Grâce à son talent littéraire, Marin
Sorescu s’est vite fait connaître. Auteur prolifique, il a beaucoup été publié
et s’est fortement impliqué dans la vie littéraire de l’époque, ce qui lui a
aussi valu d’être traduit dans plusieurs langues. Outre ses célèbres recueils
de poésies comme « Chez les chauves-souris », l’auteur écrit aussi
des pièces de théâtre comme « Iona », « Cousin Shakespeare »,
« Le rhume », ou encore des livres pour enfant comme « Par où
s’enfuir de la maison » et « Le coq au cou tordu ». Sa notoriété
lui a valu d’ailleurs d’échapper au scandale du mouvement philosophique de la « Méditation
transcendantale ». Au début des années 1980, le régime communiste mit au
ban certains intellectuels influents pratiquant le yoga et la méditation
orientale. Parmi eux, Marin Sorescu, qui, malgré les faits, ne perdit ni son
emploi ni son statut social. Paul Cernat nous raconte : « A partir des années 1970, il commence à se faire connaître en
Roumanie mais aussi à l’étranger. Il est décrit comme un globe-trotteur,
traduit dans de nombreuses langues et de nombreux pays. Il a entretenu des
liens très étroits avec des poètes et des écrivains de renom, avec qui il a
fait des entretiens ou des conférences partiellement retranscrits dans l’ouvrage « Traité
d’inspiration » publié en 1985. Il a aussi été impliqué dans plusieurs
polémiques. C’était un critique littéraire véhément, plein de verve et d’idées.

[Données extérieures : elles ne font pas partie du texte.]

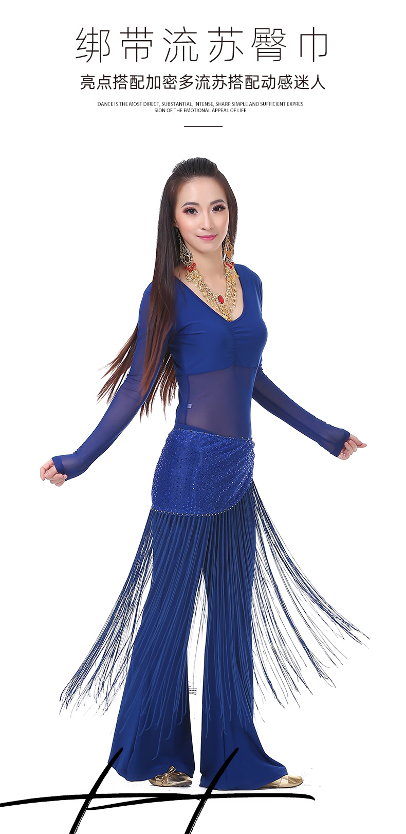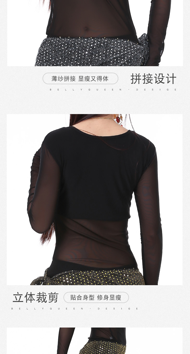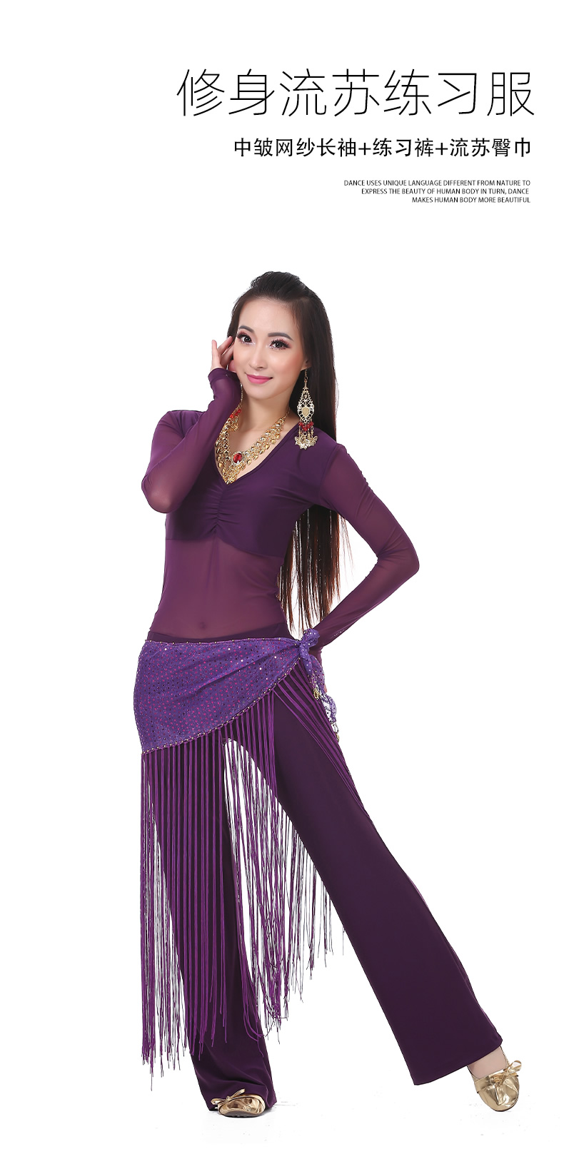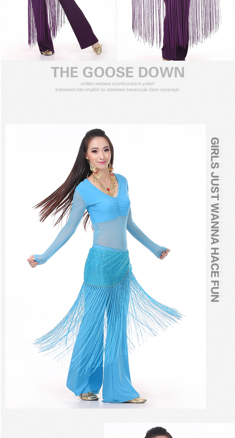 | 肚皮舞套装 >> 练习套装 >> 中皱半透纱长袖+练习裤+亮点流苏腰链(三件套) |

Il s’est hissé au rang des auteurs classiques dès l’âge de 40-50 ans. Dans les
années 1980 il constituait déjà, à bien des égards, un repère dans la
littérature roumaine. Après 1990, il a même fait carrière en politique,
notamment en devenant ministre de la Culture. Beaucoup ont d’ailleurs été déçus
par ses idées politiques après 1990. Ce n’était pas un calcul très inspiré de
sa part, le contexte étant assez tendu à l’époque, avec des conflits politiques
et culturels qui l’ont affecté, précipitant sa fin. Il est décédé d’un cancer à
la fin de l’année 1996 avant de pouvoir fêter ses 61 ans.»
Même s’il n’a pas
vécu longtemps après la chute du communisme, Marin Sorescu a
tout de même eu le temps d’obtenir le Prix Herder et a réussi à soutenir sa
thèse de doctorat en philologie à l’Université de Bucarest. À sa mort, l’auteur
laissa derrière lui une quinzaine de manuscrits de poèmes, d’essais, de
journaux et de romans, tous rédigés dans le style unique qui fit son succès. Paul Cernat nous raconte ce qui distinguait Marin
Sorescu : « Il combinait humour et gravité, avec une
once de tragique. Pour moi, Marin Sorescu était à la littérature ce que
Brancusi était à l’art. Je pense que cette combinaison entre fraîcheur
démystifiante et mythologie du substratum est une des caractéristiques de Marin
Sorescu. Il y avait aussi un mélange d’humour typique de la région d’Olténie
(sud) et de méditation inquiète sur le sens de l’existence. Marin Sorescu
semble avoir une double personnalité : un côté qui rit, un autre qui
pleure. Cela dépend de ce que nous voulons mettre en avant. Certains ont vu en
lui plutôt un parodiste ou un humoriste. Mais il est en égale mesure un esprit
grave, qui se propose en fait de réhabiliter les mythes et de les sauver dans
ce monde moderne par le biais de l’ironie, de la familiarité, de la
communication. Et, à mon avis, il lui réussit. Plus encore, il est un des
écrivains roumains les plus « exportables » pour ainsi dire. Il a reçu
toute sorte de prix internationaux. Mais son œuvre est aussi un mélange très
efficace de local et d’universel. Enfin, je dirais que l’existence posthume de
Marin Sorescu mérite elle aussi de l’attention, car elle a connu à son
tour des hauts et des bas. Sa réception par le public a traversé une période
d’ombre, mais les choses ont peu à peu changé et désormais l’œuvre de Marin
Sorescu revit un moment faste. »
Voilà pour cet auteur roumain moderne, qui
a connu un grand succès, pour passer dans un cône d’ombre pendant quelques
décennies et qui désormais commence à regagner sa place. Malgré ces hauts et
ces bas, Marin Sorescu est un nom de marque de la littérature roumaine du XXème siècle.